Henry F. Urban (February 13, 1862 – May 13, 1924) was a German American journalist, author, and playwright.

==Biography==
Reportedly a descendant of Johann Heinrich Voss, Urban was raised in Berlin and emigrated to the United States in 1887. He was naturalized as a U.S. citizen in 1899 in New York. In the following years, he reported on life in America, often in a critical vein, as a freelance correspondent for the newspapers Berliner Tageblatt and Berliner Lokal-Anzeiger as well as for the weekly magazines Jugend and Simplicissimus. His comedy Der Froschkönig, loosely derived from the Brothers Grimm fairy tale "The Frog Prince", was staged at the Irving Place Theatre in 1918. An outspoken critic of the women's suffrage movement, he was primarily known in Germany for a satirical novel about naive German immigrants eager to strike it rich in "Dollarland" America and for collections of his humorous narratives, a number of which have been reissued in the twenty-first century.

==Works==
- Just Zwölf. Yankee-Schnurren und anderes. Berlin, 1903.

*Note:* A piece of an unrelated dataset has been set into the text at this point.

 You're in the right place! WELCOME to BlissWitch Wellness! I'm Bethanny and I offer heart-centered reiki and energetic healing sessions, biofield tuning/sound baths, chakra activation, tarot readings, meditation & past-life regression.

- Die Maus Lula. Tragisches und Tragikomisches. Berlin, 1904.
- Aus dem Dollarlande. Berlin, 1906.
- Lederstrumpfs Erben. Neue Geschichten aus dem Dollarlande. Berlin, 1908.

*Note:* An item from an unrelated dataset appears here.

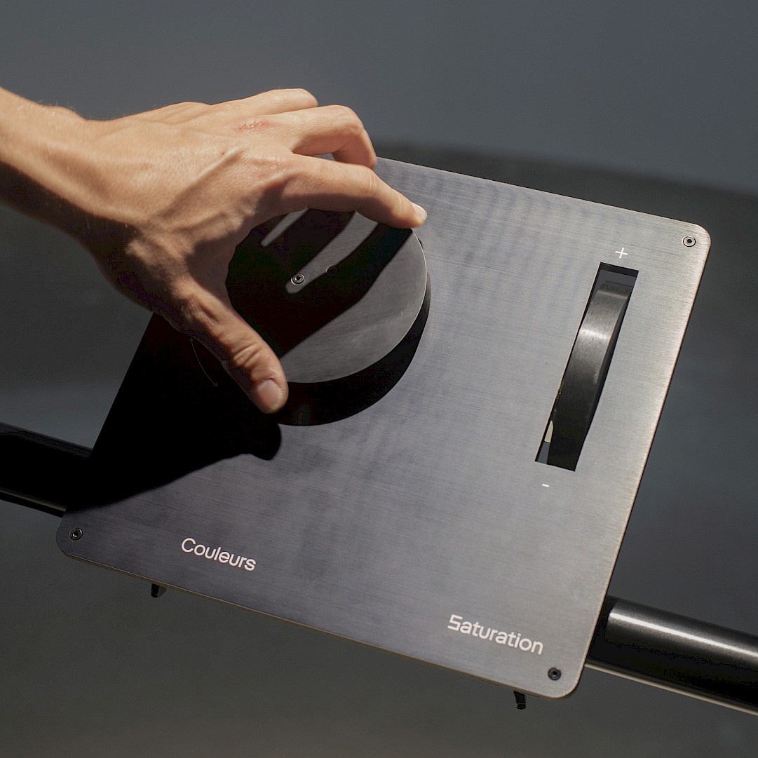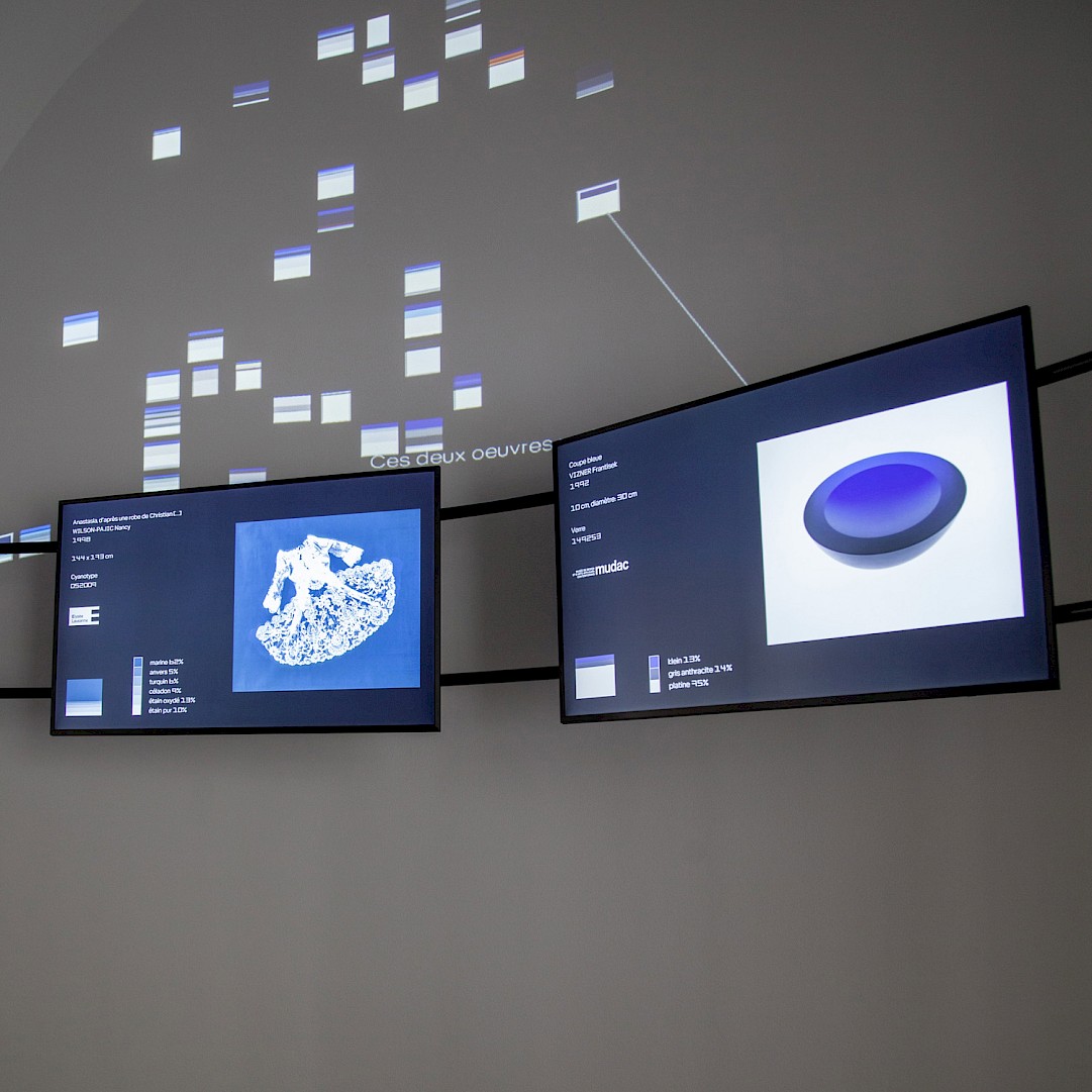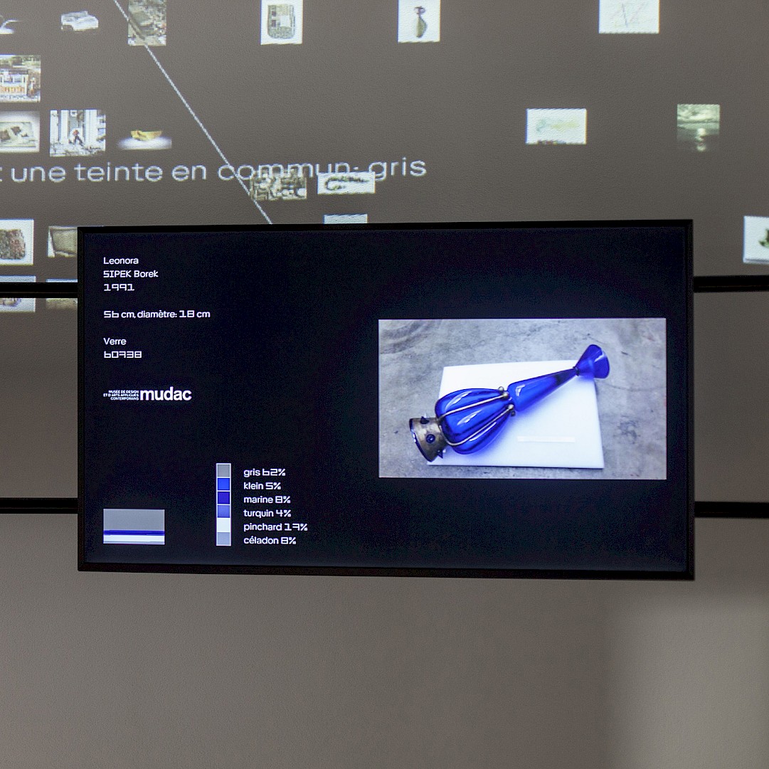 Pour cette première version, une sélection d’environ 1000 objets du mudac et du Musée de l’Elysée ont été analysées par un logiciel pour déterminer la valeur (RGB) de chaque pixel. L'algorithme crée un nuancier propre à chaque œuvre. Il les place ensuite sur une grille projetée au mur. A l’aide d’un contrôleur, le visiteur est invité à choisir une position dans le spectre de couleurs (axe X) et la saturation (axe Y). Les deux objets les plus proches de la couleur choisie s’affichent sur les écrans principaux.

- Die drei Dollarjäger aus Berlin. Eine heitere New Yorker Geschichte. Berlin, 1910.
- Die Entdeckung Berlins. Berlin, 1911.
- Der Frosch von Seeburg. Berlin, 1911. Coauthor Robert Overweg.
- Der Eisberg und Sonstiges. Berlin, 1912.
- Katzenmüller und andere Erzählungen. Leipzig, 1913.
- Der Nussknacker. Eine Humoreske in drei Aufzügen. Play script. Berlin, 1914.
- Der Froschkönig. Play script, 1918.
- Preface to Drei Mann in einem Boot, vom Hunde ganz zu schweigen by Jerome K. Jerome, trans. A. & M. Springer. Berlin, 1920.
- Ernste und heitere Gedichte. Aus dem Nachlass. Newark, 1920.
- Wie der Berliner ins Seebad fährt. Berlin: Epilogmedia, 2010.
- Die Schwierigkeit, den Grunewald zu entdecken. Berlin: Epilogmedia, 2010.
- Die Kunst, am Sonntag Pfannkuchen zu kaufen. Berlin: Epilogmedia, 2010.
- Die Entdeckung Berlins. Michael Bienert, ed. Berlin: Verlag für Berlin-Brandenburg, 2014. ISBN 978-3-942476-96-6.
- Der Eisberg. Günter Bäbler, ed. Berlin: epubli, 2018. ISBN 978-3-746749-41-9.